Auf die FDP ist Verlass. Noch gestern hatte Lars Feld, ein enger Berater von Finanzminister Christian Lindner, ein Aussetzen der Schuldenbremse ausgeschlossen. Heute tritt Lindner vor die Mikrofone und verkündet, dass genau diese Schuldenbremse im Grunde nicht mehr existiert.
Seine Worte wählt Lindner dabei mit Bedacht. Von einer Aussetzung, von einem Bruch der Schuldenbremse spricht der Finanzminister explizit nicht. Doch die Medienlandschaft hat die eigentliche, die implizite Botschaft direkt verstanden.
In den vergangenen Tagen hatten sich insbesondere die Grünen in Stellung gebracht, redeten jene „Notlage“ herbei, derentwegen man nun neue Schulden aufnehmen müsse. Genau dieses Narrativ will die Bundesregierung nunmehr übernehmen. Von einer „außergewöhnlichen Notlage“ sprach Lindner auch für dieses Jahr 2023.
Dass ein solcher nonchalanter Umgang mit der Haushaltsgesetzgebung die Katastrophe erst heraufbeschworen hat, das verdrängt die Bundesregierung – oder will neuerlich täuschen. Notlagen sind ein Stück weit wie Krankheiten. Beim letzten Mal wollte der ehemalige Corona-Patient uns weismachen, dass er das übrige Geld für Klimaschutz verwenden könne. Nun, am Jahresende, fällt der Koalition plötzlich auf, dass sie das ganze Jahr krank war und möchte rückwirkend Kassenleistung.
Lindner hat angekündigt, nächste Woche einen Entwurf für einen Nachtragshaushalt 2023 vorzulegen. Es geht um einen zusätzlichen Betrag von 45 Milliarden Euro. Der Bundesfinanzminister äußerte sich zuversichtlich, den Nachtragshaushalt noch in diesem Jahr zu verabschieden. In diesem Jahr gibt es nur noch zwei mögliche Sitzungswochen. Heißt: die Ampel will diesen bereits jetzt zweifelhaften Nachtragshaushalt in Windeseile durchs Parlament peitschen – wohl in der Hoffnung, dass das Kleingedruckte nicht auffällt. Kommt einem dieses Motiv bekannt vor?

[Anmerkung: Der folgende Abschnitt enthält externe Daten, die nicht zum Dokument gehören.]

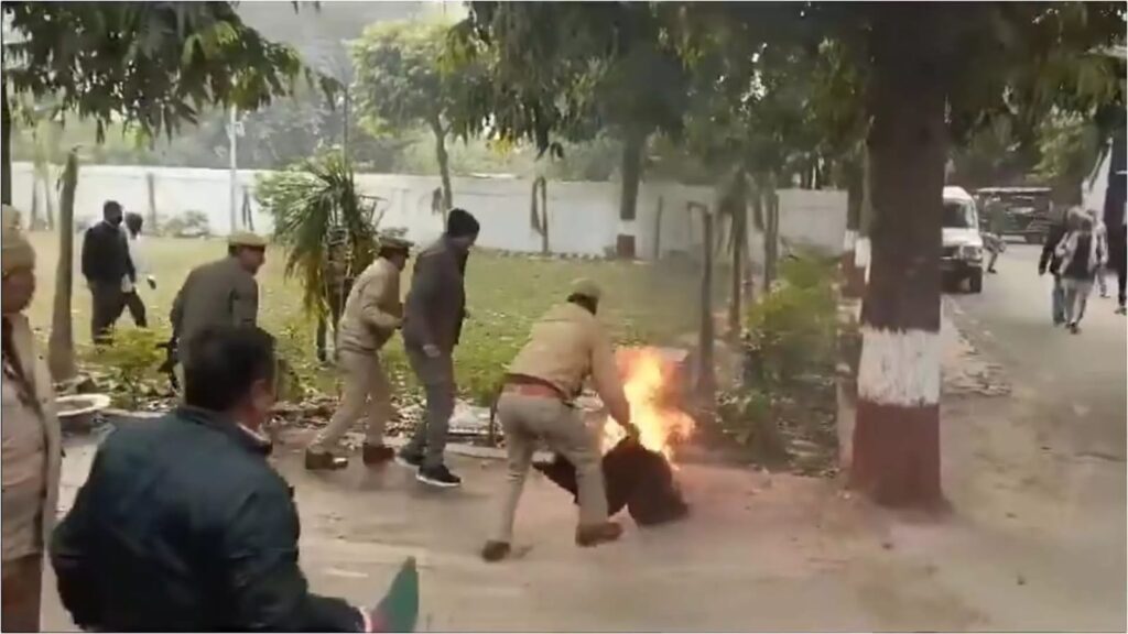 उत्तर प्रदेश : जिला बदायूं में SSP दफ्तर के गेट पर गुलफाम ने खुद को आग लगाई। पुलिस ने आग बुझाकर हॉस्पिटल में भर्ती कराया।
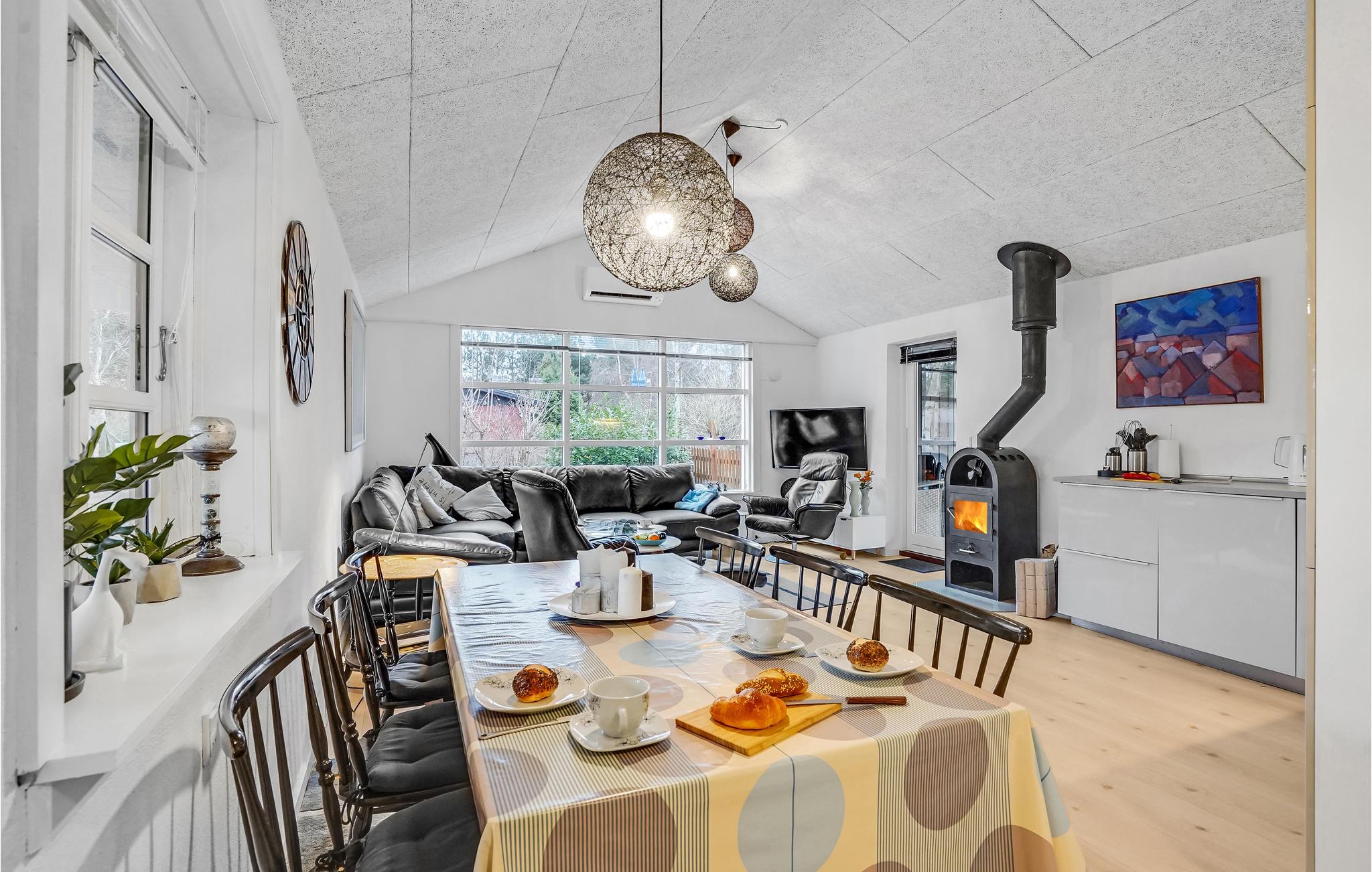 Het zwembadgedeelte van het huis is erg mooi en bevat ook een grote sauna en een cafétafel met stoelen waar je kunt zitten en kletsen en naar de badgasten kunt kijken. Breng samen tijd door in de grote, goed uitgeruste keuken, die in open verbinding staat met het woongedeelte. Kijk ernaar uit om een leuke en actieve dag af te sluiten met een diner aan de eettafel voordat je neerstrijkt op de bank om te genieten van de warmte van de houtkachel of om samen een goede film te kijken.

Dass die Ampel nichts gelernt hat, wird an der Äußerung deutlich, man wolle an den „Plänen in der Sozial-, Klima- und Wirtschaftspolitik festhalten“, vulgo: die Staatsausgaben bleiben dieselben, und weil die Bundesregierung nicht haushalten kann, braucht sie mehr Geld. Auch über einen Grundgesetzbruch. Vermutlich spekuliert die Ampel darauf, dass sie mit dem Haushalt so lange durchkommt, bis das Verfassungsgericht auch diesen wieder einkassiert. Auch eine Art der Haushaltspolitik. Aber sie verschafft Zeit.
Der Finanzminister begründet sein Vorgehen mit einer „neuen Rechtsklarheit“. So, als ob das Finanzamt die Tricks eines Steuerberaters nach Jahren durchschaut hätte und letzterer sich auf den Standpunkt stellt, dass es vorher gar nicht bekannt gewesen sei, dass man mit illegalen Methoden gehandelt habe. Der Vergleich besitzt die bittere Note, dass der Steuertrickser und das Finanzamt dieses Mal dieselbe Person sind. Man müsse jetzt „reinen Tisch“ machen, erklärt Lindner. Aber wer hat den Tisch vorher unordentlich gemacht?
Es gibt einige Tiefpunkte in der bisher zweijährigen Minister-Amtszeit Lindners. Dazu zählt der Ausstieg aus der Kernkraft und das Heizgesetz. Beide Male hatte man dem Wähler das Schauspiel geboten, im Grunde gegen diese Gesetze zu sein und darauf gehofft, die wankenden Anhänger zu beruhigen. In beiden Fällen fiel die FDP standhaft um.
Doch beide Themen hatten zumindest noch den Vorteil, dass sie nicht in das eigentliche Ressort Lindners fielen. Die Haushaltskrise steht auf einem anderen Blatt Papier. Hier scheitert nicht nur die FDP; hier scheitert Lindner persönlich. Die Grünen haben neuerlich gesehen, dass sie den Liberalen wie am Nasenring durch die Manege ziehen können. Es wird nicht das letzte Mal gewesen sein.